乌尔夫摆腰抬腿,将它踹开,怪物后背砸在树干上,靠一层皮黏着才没掉的脑袋在这次撞击下彻底断开,头颅沿着倾斜的地面骨碌碌滚远,碰到低矮的灌木丛才停下。
我发现怪物们没有趁机对我出手,一招一式都是冲着乌尔夫去的,我猜是因为这个幻境是根据乌尔夫的记忆生成的,怪物对他的初始仇恨值很高。

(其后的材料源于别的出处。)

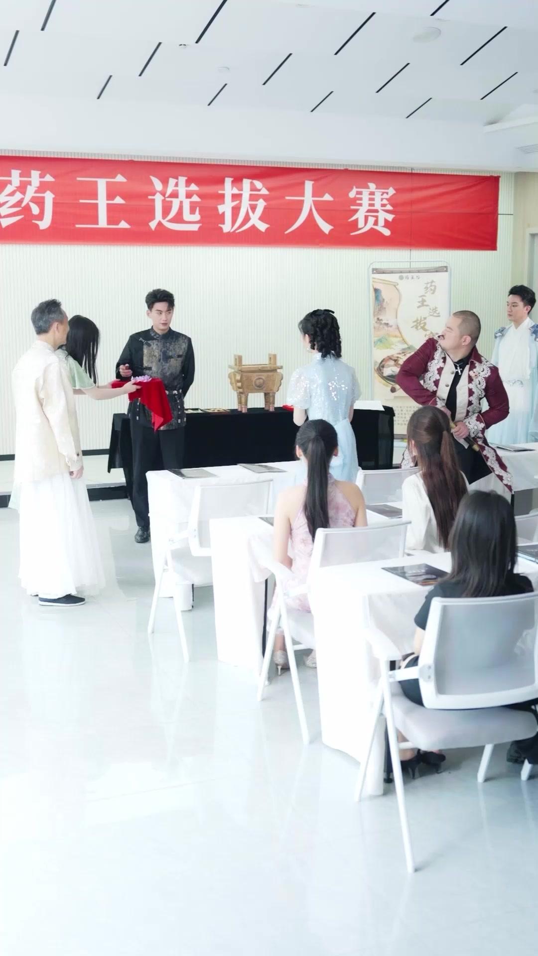 The ‘Pharmacist King Selection Contest’ banner hangs like a joke above a stage where no medicine is dispensed—only ego, anxiety, and the slow unraveling of carefully constructed personas. This isn’t about healing. It’s about hierarchy. And in Afterlife Love, hierarchy is never stable; it’s a house of cards built on glances, gestures, and the unbearable weight of expectation. Watch closely: the real battle isn’t between Lei Feng and Jiang Yun. It’s between Lei Feng and himself. Every flourish of his sword, every widening of his eyes, every desperate upward gaze—he’s not addressing the room. He’s pleading with a version of himself that he fears has already vanished.

乌尔夫也意识到这一点,原本他的走动范围是在我身前三米内,现在正把怪物群往我右侧前方领。
我没有动,躲起来还不如待在乌尔夫看得到的地方,他视力好,机动性强,我觉得他能在我失去抵抗能力前给予支援。
怪物没有复活能力,也不是无穷无尽,乌尔夫手持双刃配合战斗,砍个头跟切西瓜一样轻松。
解决完拦路的,乌尔夫只把黑色匕首归鞘,白色匕首仍握在手中,他快步返回我身边,抱起我接着赶路。
战斗很消耗体力,他呼吸比之前要急促许多,贴身布料下,胸膛起伏明显。
“我自己走吧。”
乌尔夫撇我一眼,没同意,嫌弃效率低,“你是要我走一会儿,再停一会儿等你跟上吗?”
我没话讲了。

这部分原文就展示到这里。